I was wrong—what a day Saturday turned out to be! First thing, Mom got a call from her old college pal who lives in Maryland, finally returning her call and saying yes, she could have lunch with her today, how about at the Lord & Taylor in Chevy Chase. So we three spent the morning shopping at Filene’s Basement on Connecticut Avenue (I got two pairs of leggings, this really cool sweater, blue with one red stripe across the front, I wore it right out of the store, and some underwear), and then Mom left to go meet her friend. Now it’s just me and Gram. The plan was to walk around downtown, have lunch someplace, maybe get in the tour line at the White House, see Lafayette Square, see the Corcoran, etc., etc. Like, boring boring boring, but you
do it because you’re with your grandmother and everything is her treat.

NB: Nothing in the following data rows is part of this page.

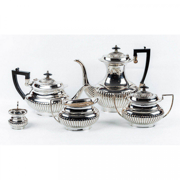 Juego de café en plata de ley contrastada, estilo 'decó', con cuerpos gallonados y asas geométricas, junto con detalles en la tapa, en madera lacada en negro.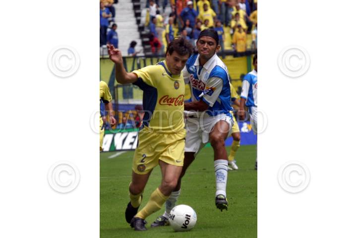 MEXICO, D.F. 12 SEPTIEMBRE 2004.- Horacio Ameli, de las Águilas del América esquiva a uno de los jugadores del equipo de Puebla en su encuentro en el Estadio Azteca. FOTO:Sandra Perdomo/CUARTOSCURO.COM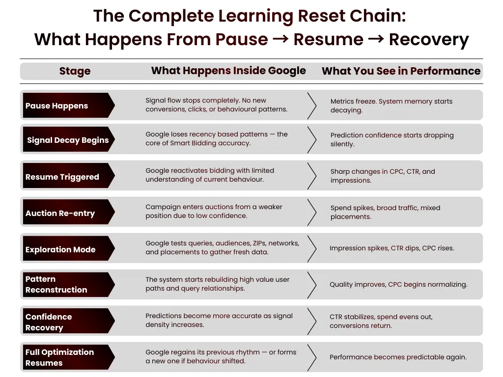 | Auction Behaviour After Resuming | What Google Does Differently | What You See in Performance |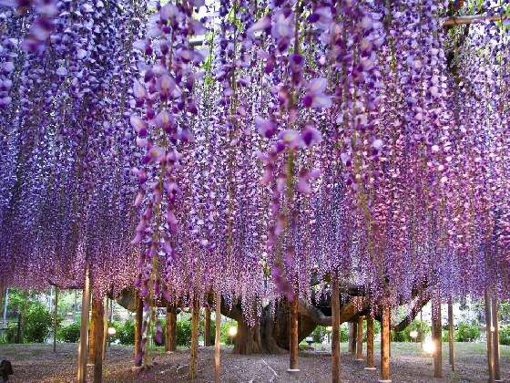 初春的櫻花之後,就是紫藤的季節。每年4到5月,日本九州市河內富士花園會出現一項壯麗奇觀──面積100坪大的藤架,纏繞於其上的是22種,150株紫藤花的盛開,看到的人無不驚艷其絢麗斑斕的景象。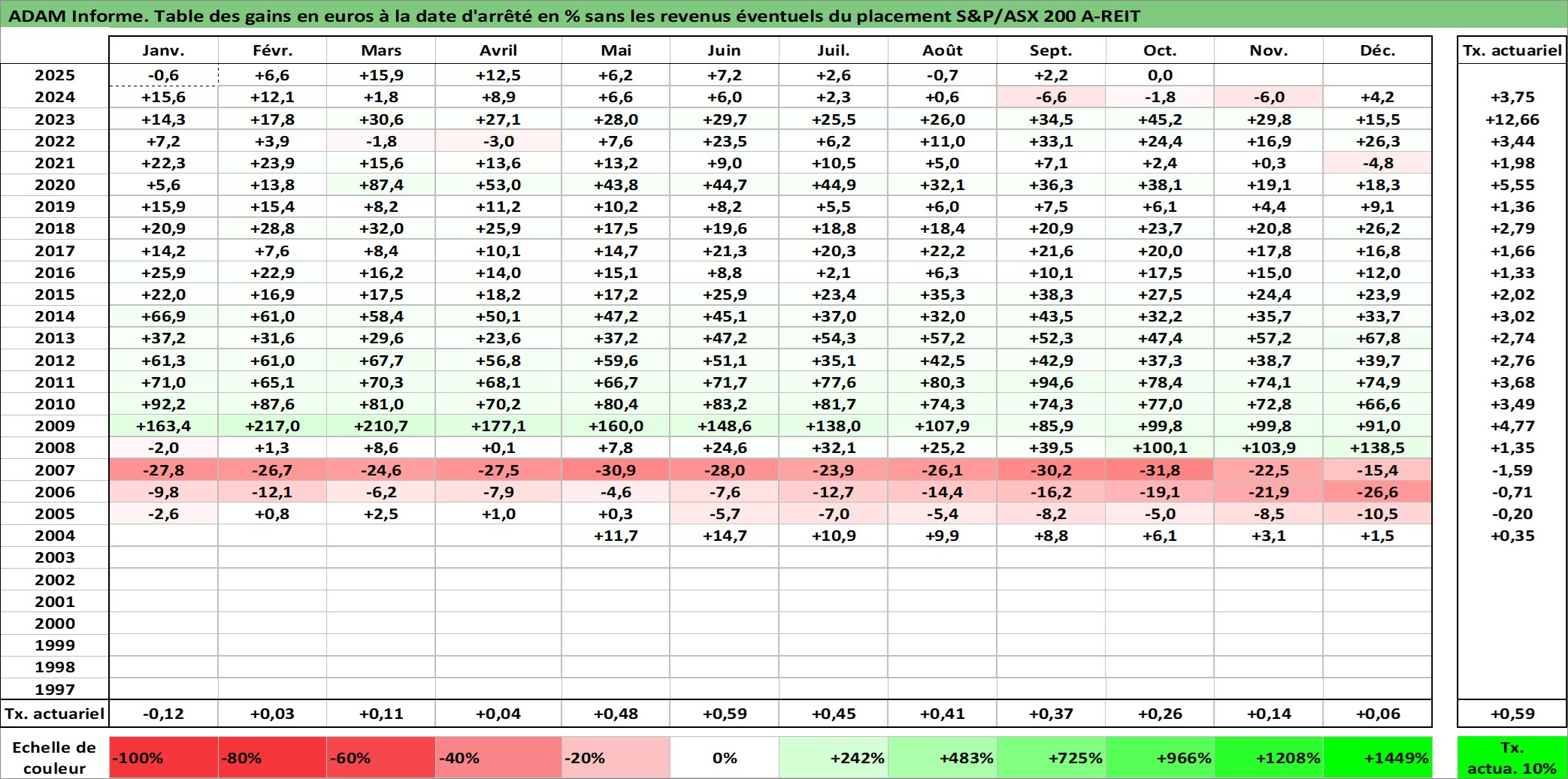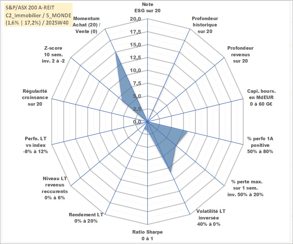 Site dédié aux investisseursPage dédiée sur site financeAnalyse des valorisations hebdomadaires de l'actif S&P/ASX 200 A-REIT. Cet actif est cote en AUD. Les valorisations sont en contrevaleur EURO et couvrent les semaines 2004W19 a 2025W40. Les revenus de cet actif financier ne sont pas connus car non existants ou non disponibles sur le site Yahoo Finance. La note ESG de cet actif n'est pas connue.
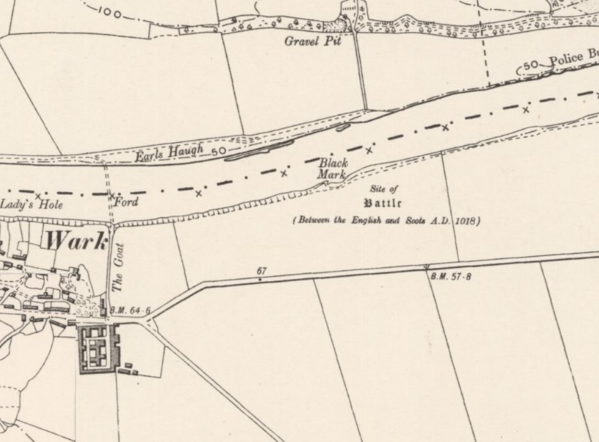 The Battle of Carham Society has done some excellent work on researching potential battle sites. Local memory had it that the battle was fought on the south side of the River Tweed, just to the east of Wark. The earlier editions of Ordnance Survey mapping similarly put the location of the battle to the east of Wark (the date is sometimes 1018 and sometimes 1016).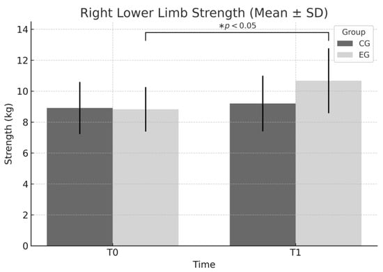 Right lower limb strength (mean ± SD) at T0 and T1 in EG and CG. Significant main effects for group (F = 4.006, p = 0.048), time (F = 9.437, p = 0.003), and group × time interaction (F = 5.031, p = 0.027) indicate a markedly greater improvement in the EG. * p < 0.05 within-group improvement from T0 to T1 in the EG.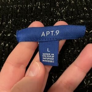 Apt. 9 Metallic Tunic Sweater, size Large. Black with white and metallic silver threads woven throughout.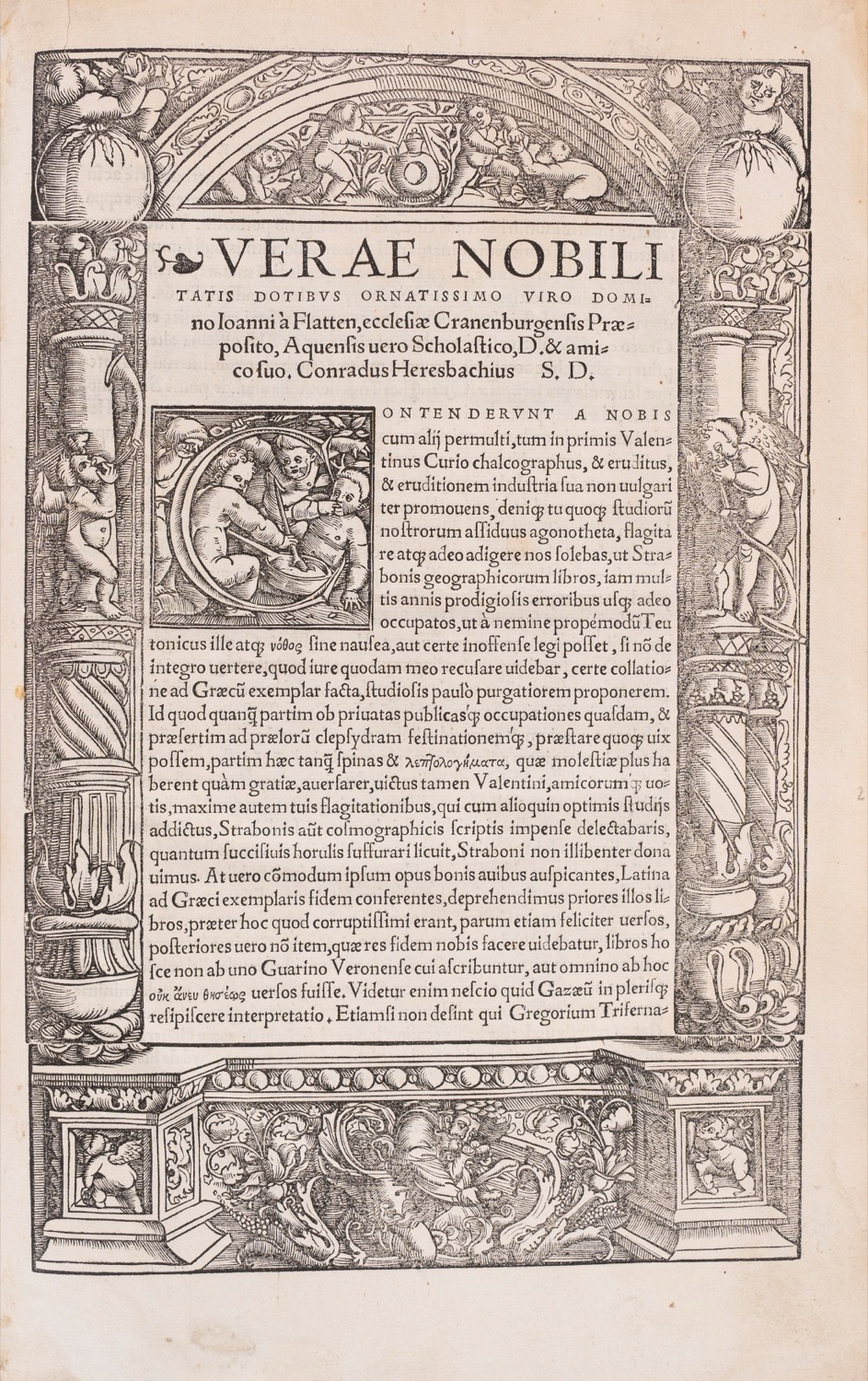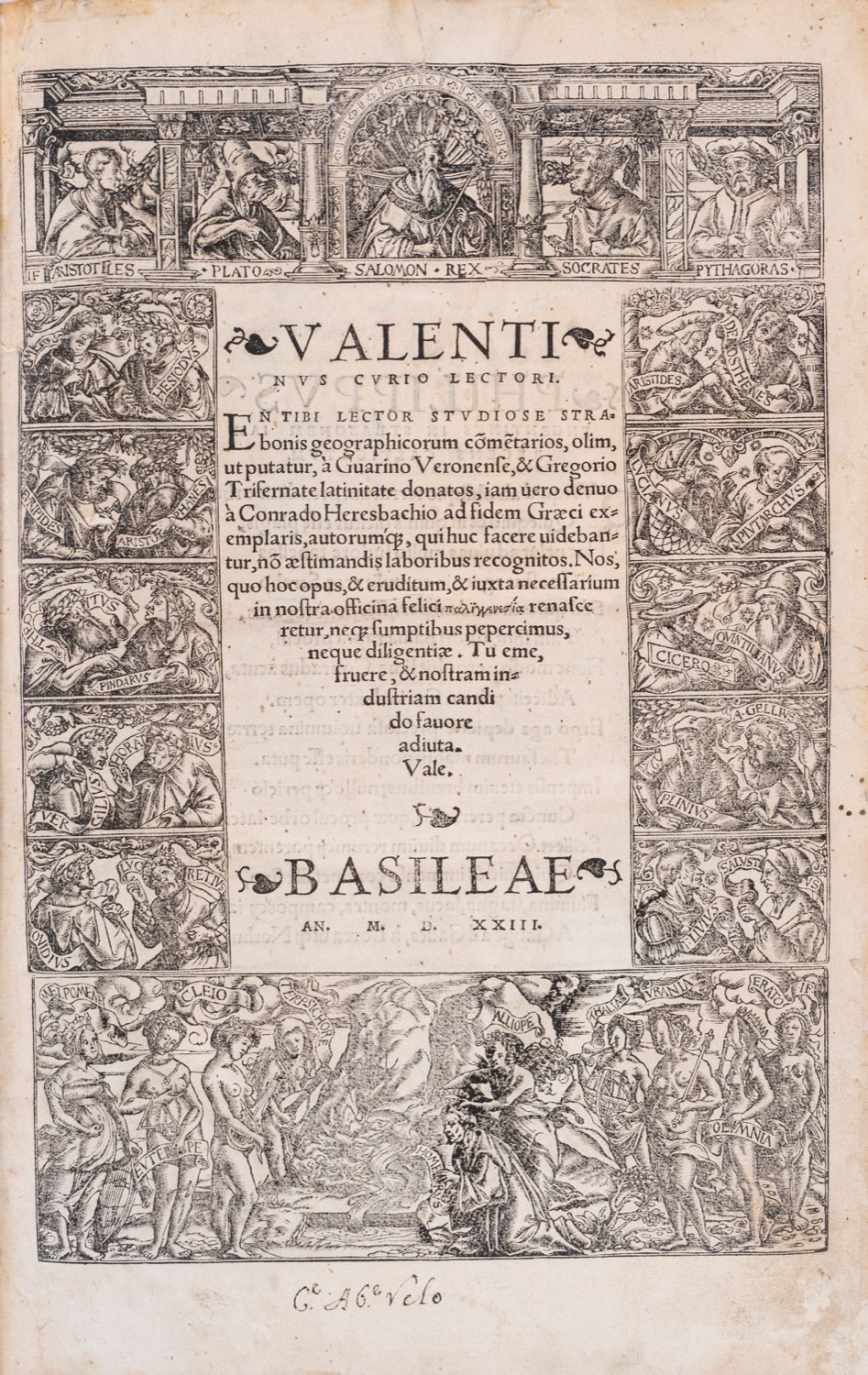 Prima edizione del Cinquecento e primo saggio d'una edizione critica di Strabone (cfr. Graesse VI, 506).Basilea, Curion, 1523. In folio. Legatura antica in vitello su asticelle. Dorso con 4 nervi. Piatti con decorazione a freddo. Belle bordure incise in legno sia nel frontespizio che nella seconda carta. Capolettera, fregi e testatine. Marca tipografica al fine. Leggere bruniture, segni di penna e dorso della legatura rifatto.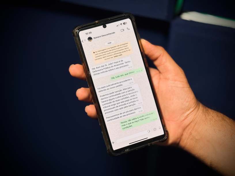 Uma das vítimas recebeu uma mensagem via WhatsApp em setembro do ano passado com informações pessoais, o número do processo aberto pela assistida com a DPE-AM e ainda um documento falso com a marca do Tribunal de Justiça do Amazonas. A mensagem era uma espécie de comunicado fraudulento que cobrava o valor de R$ 4.999,75 para que ela desse andamento na ação judicial. Ela pagou e, quando percebeu que era um golpe, registrou o caso na Delegacia Virtual do Amazonas.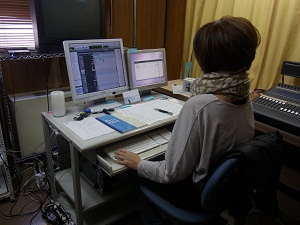 今は音素材をコンピューターに取り込んで加工する。台本は事前に読まない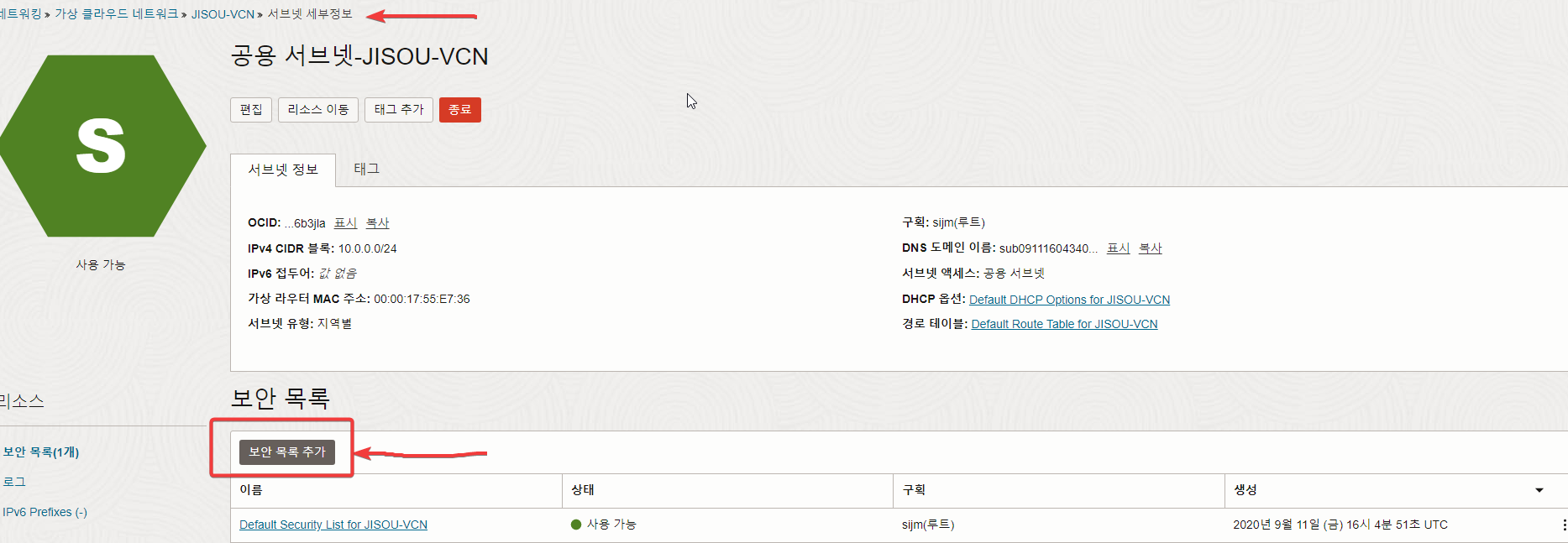 공용 서브넷 클릭 하여 HTTPS 등 보안 설정을 열어준다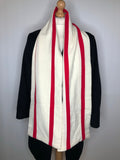 Mens original 1960s college scarf by Lester Bowden. Pure new wool in cream with red stripes.
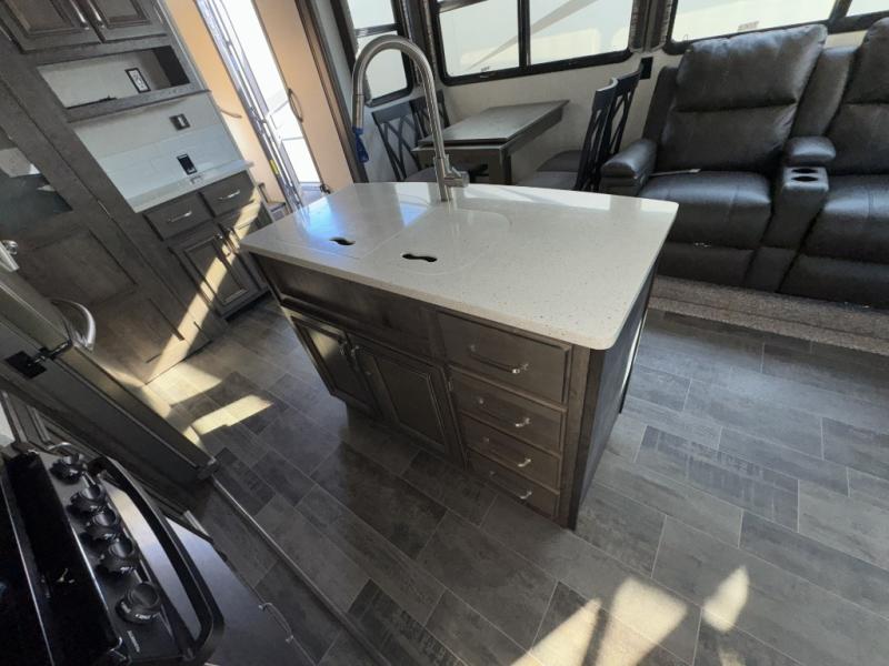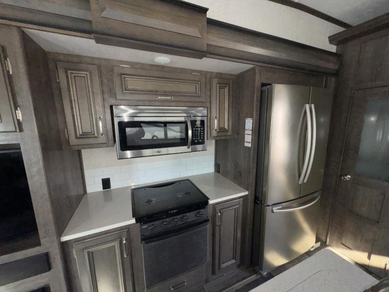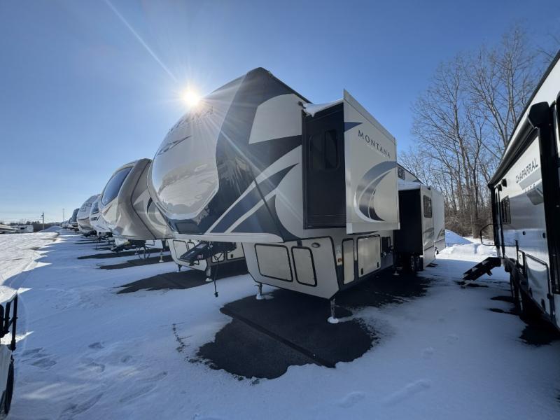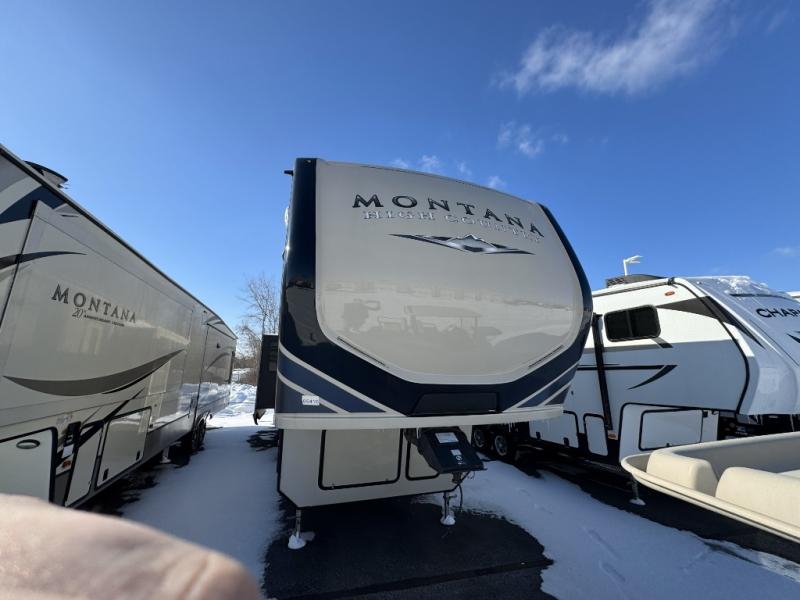 When heading out and setting up in a Keystone Montana High Country fifth wheel you will appreciate the Dexter E-Z Lube axles, Max Turn front cap and radius frame with Hitch Vision, and an enormous drop frame pass-through storage to name a few features. Inside you will find luxury and comfort with the 78" tall main slide out with panoramic windows providing beautiful views, more bathroom storage with three drawers in a residential vanity, All-In-One Furrion controls for the TV, radio and fireplace, Beauflor flooring with a 7 year cold cracking warranty, and a residential ceiling fan for natural air movement. It's time to find the premium fifth wheel you can't live without, and start making memories in a Montana High Country today!

So we’re sitting on a bench on K Street, getting organized, getting our bearings, and Gram goes, “Do you really want to go to Georgetown?” I’m like totally crazed, but I say very coolly, “Oh, I don’t know, I guess it’s pretty far. I don’t even know how we’d get there. You don’t want to go, do you?” Gram can be strict and kind of scary sometimes. She scowls, looks me right in the eye, and goes, “Ruth. Do you or do you not want to go to Georgetown with me. Right now.” I swallow and say, “Oh, Gram, that would be so great.” She stands up, sticks her arm out, a cab screeches over, and off we go to Georgetown!
It is the coolest place! If I can’t go to school there, I would very much like to live there. Over a shop or a gallery. I could live on the second or third floor over one of the really funky art galleries and get a job. I’d wear Steve Maddens and a long black skirt and a black sweater. The gallery would have high white or beige walls and be quiet as a library, and I would explain the paintings to good-looking rich people, earn huge commissions, and live in a loft and take lovers. This is a daydream, but it’s not impossible.
So, Georgetown. We had to walk pretty slowly because Gram had on the wrong shoes and the brick sidewalks are rough and uneven. She says, before we even get out of the cab, “Put your purse strap around your neck and hold it tight at all times,” like every other person we see is definitely a mugger. It’s so ridiculous, I am never going to be like that when I get old, suspicious and distrustful and always scared, I’d rather get robbed than go through life with that attitude. Mostly we just walked around M Street and Wisconsin Avenue, looking at the people and the stores. The thing about Georgetown is that at first it’s almost depressing, you’re like, I’ll never be this cool, I’ll never be this rich, I’ll never be rich enough to be this cool. You’re embarrassed by yourself. But then that starts to wear off and you get used to it or something and it’s not so bad, although still you have this, like, yearning inside, you’re wishing so hard you belonged and you know you don’t. Sometimes I feel like my head will blow up if I don’t grow up soon, if I don’t get out of this life soon. This awful life, which is like being in prison or locked in a little dark room and nothing’s happening, NOTHING, except that I’m ridiculous and everybody is laughing at me, or they would be if they could see inside my head.